Карьера молодого Кега развивалась настолько успешно, насколько она вообще могла успешно развиваться у шустрого, не отягощённого моральными принципами человека в период распада гигантской и невероятно богатой Империи. Ловить рыбку в помутневших от крови и грязи водах огромной страны было не просто, а очень просто, и мудрый Альфред спешно примкнул к организованной группировке ленинградских демократов, с пеной у рта доказывающей согражданам необходимость срочной приватизации всего и вся. «Частная собственность сотворит чудо!» – уверяли Кег со товарищи, без устали расписывая кисельные берега, тянущиеся вдоль молочных рек. А затем, когда нужные федеральные законы были приняты, вчерашние ораторы уселись в кресла «приватизаторов» и радостно приступили к разделу гигантского пирога. Два года Кег торопливо пилил всё, до чего мог дотянуться, не веря собственному счастью и богатея не по дням, а по постановлениям. На первые роли не лез, но долю свою знал и брать не забывал. Обзавелся охраной. Дорогими привычками. Женой и двумя любовницами. Постепенно поверил, что сладкая жизнь продлится вечно, и стал вкладываться в недвижимость… И в какой-то миг позабыл, что приватизационные почвы куда опаснее болотных. А может, и не позабыл, может, обнаглел до предела, вот и подсунул на подпись постановление, которое вышло боком авторитетным людям. Случилось недопонимание, и в роскошный шестисотый «Мерседес» девятого советника пятого помощника заместителя начальника отдела департамента имущества подложили бомбу. Погиб водитель и оба охранника, Альфред уцелел, но после полуторагодового лечения оказался в инвалидном кресле. И здорово изменился. Точнее, изменение было всего одно: Кег растерял амбиции и вкус к жизни. Говоря проще, сломался. Полтора года в больницах оставили бывшего девятого советника не у дел: мест у кормушки много, но желающих припасть к волшебному источнику личного благосостояния ещё больше, так что обратно Альфреда никто не ждал. Тем более калеку. Тем более участника бандитской разборки. Сладкая жизнь закончилась, едва начавшись.
И Кег запил.
Потом прочно сел на кокаин и именно тогда растерял последних дружков и последнюю надежду вернуться к распилу пирога. Затем сообразил, что тонет, и попытался соскочить, переехал к родственникам в Германию, лёг в клинику, но вернулся на «снег», едва распрощавшись с врачами. Путешествие на историческую родину закончилось истерикой с битьём посуды в берлинском ресторане, унизительной проверкой на наркотики и депортацией.

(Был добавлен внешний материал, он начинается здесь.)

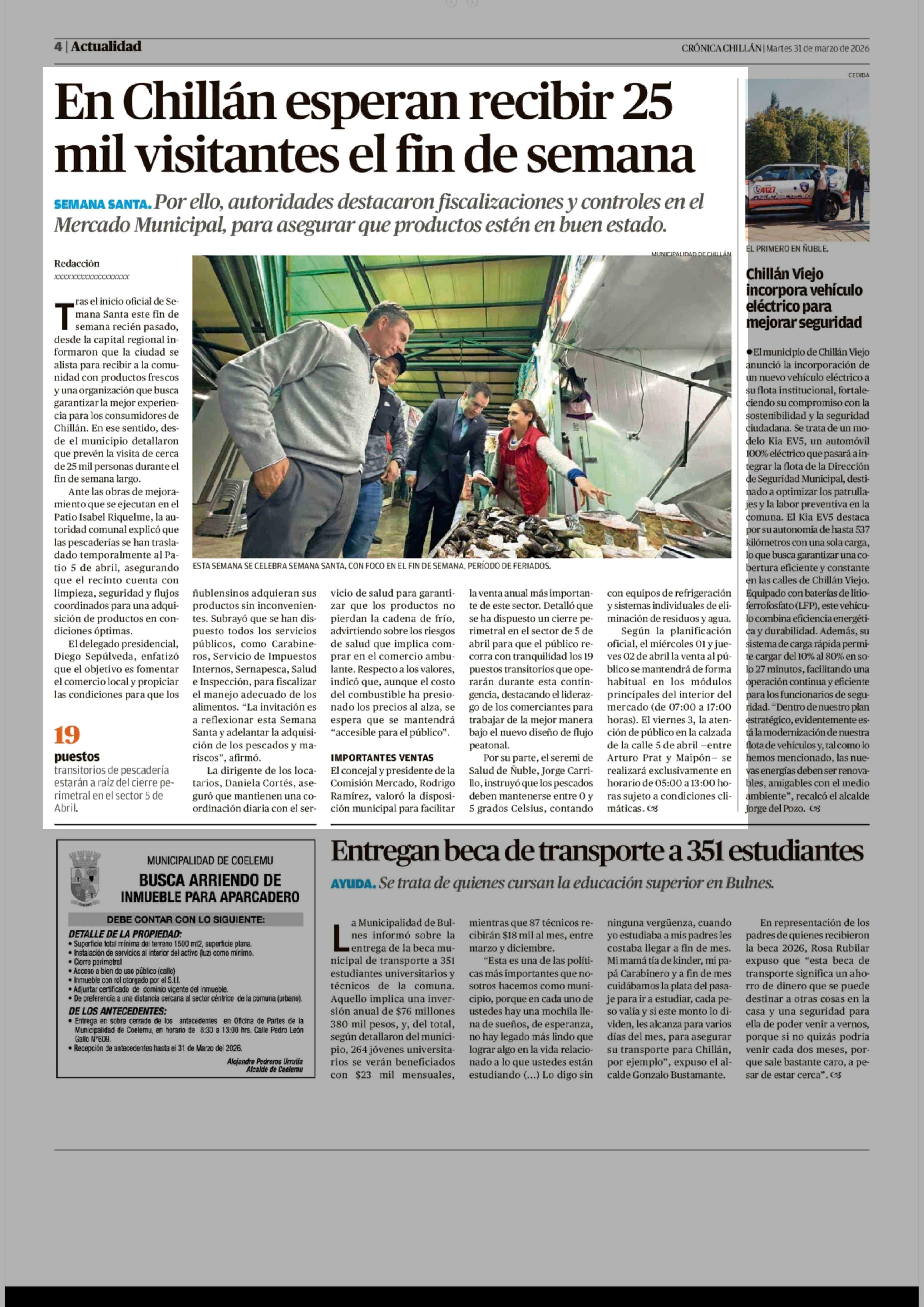 Fecha: 31-03-2026 Sector: Noticia general Región: Región del Ñuble

Тем не менее Кег соскочил. То ли пребывание в наручниках подействовало, то ли мрачный питерский климат внёс свою лепту, то ли сила воли проснулась – решающий фактор неизвестен, но кокаин остался в прошлом. Альфред поселился в трехкомнатной квартире на Итальянской, за копейки купленной в начале девяностых, когда русская недвижимость не стоила ничего, и затих, как спящий хомячок. В дело, разумеется, не вернулся – слишком много времени прошло, но и не бедствовал: «приватизационные» накопления гарантировали бывшему девятому советнику пятого помощника заместителя начальника отдела департамента имущества безбедную старость. Ненависть же и злобу Кег выплёскивал на страницах блога, а отдушину отыскал в компьютерных играх, видя в скачущем по экрану персонаже себя, здорового и сильного. Альфред считался игроком умным, но жестоким и подлым, симпатии он не вызывал, да и не хотел вызывать. Он шёл в игру не для того, чтобы нравиться, а чтобы жить в ней.
И потому охотно согласился на предложение Ваятеля: задыхающемуся от ненависти калеке стало тесно в цифровой рамке онлайн-программы…

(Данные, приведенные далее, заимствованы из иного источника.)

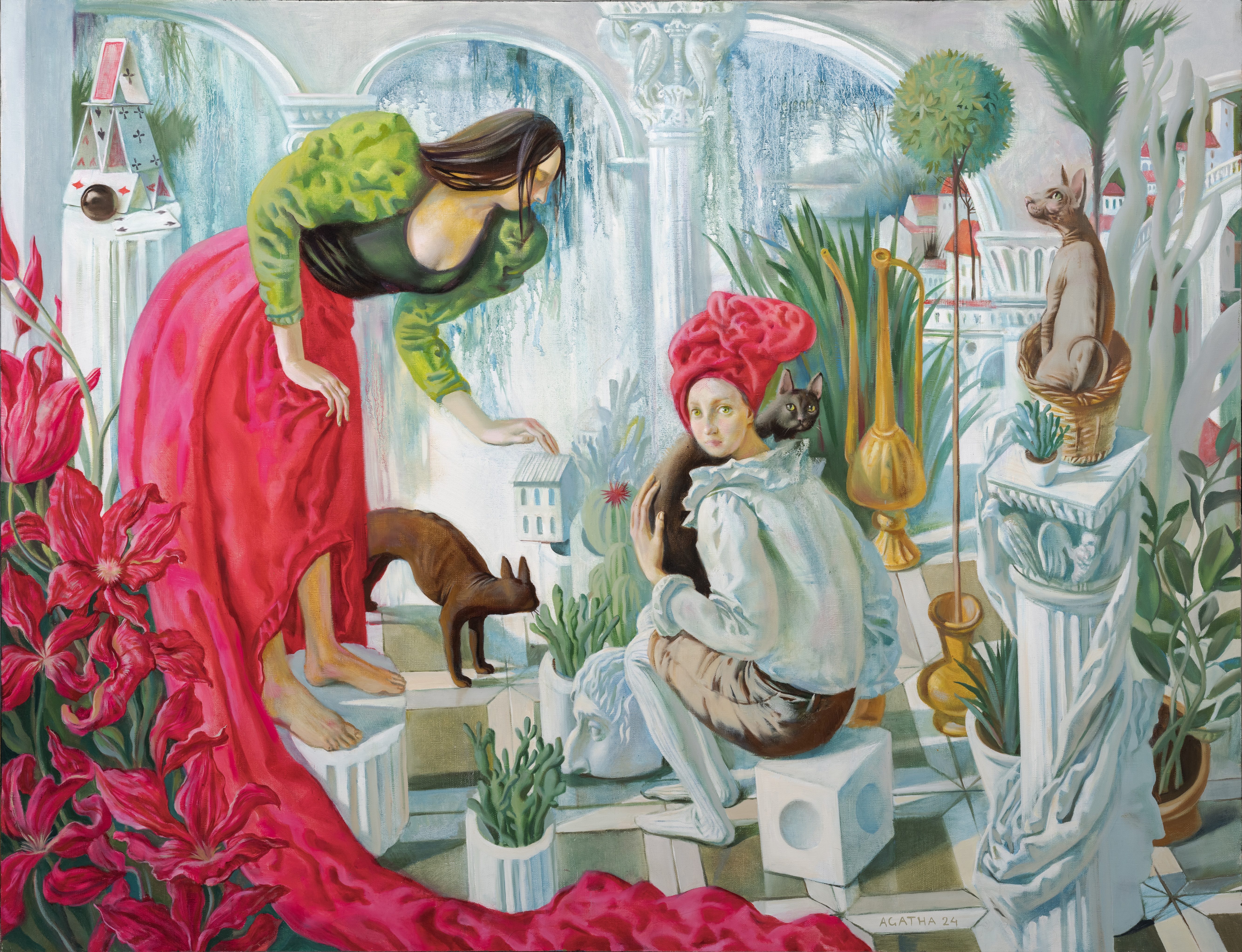 Agafya Belaya’s painting “Fantasy” transports the viewer to an exquisite, semi-enclosed space reminiscent of a greenhouse or the ruins of an old villa, filled with a dense, almost tangible atmosphere of mystery. The artist masterfully blends elements of classical painting with a whimsical, fairy-tale world.

– Ну-с, приступим, – пробормотал Кег, раскладывая на кухонном столе снаряжение.
Впрочем, много времени приготовления не отняли: первым движением Альфред выложил массивные очки, вторым – брелок с крупным чёрным камнем. Выложил и замер, внимательно разглядывая своё волшебное богатство. Не сомнения терзали инвалида, хотя со стороны могло показаться именно так. Нет, отказываться от принятого решения Кег не собирался и твердо знал, что поступит так, как задумал. А паузу взял специально. По той простой причине, что внутри у него всё дрожало от возбуждения, пальцы сводило от желания начать как можно скорее, а губы против воли расплывались в гадливенькой усмешке. Больше всего на свете Кег хотел немедленно приступить к делу, но сознательно сдерживался: исступление, до которого Альфред себя доводил, великолепно оттеняло наслаждение, которое он планировал получить.
При этом он знал, что затягивать тоже не следует, иначе засуетится и всё удовольствие пойдёт насмарку.
– Хорошо, – прошептал Альфред, медленно потирая руки. – Хорошо.
В мечтах он давно разложил акцию на мелкие детали, тщательно продумал и как наяву видел каждый шаг, каждое движение, каждый удар и каждую каплю крови, которую прольёт через несколько минут. И сходил с ума при мысли, что грёзы вот-вот станут реальностью. Какая онлайн-игра сравнится с проектом Ваятеля? Никакая.
FullFeel, ребята, и этим всё сказано – FullFeel.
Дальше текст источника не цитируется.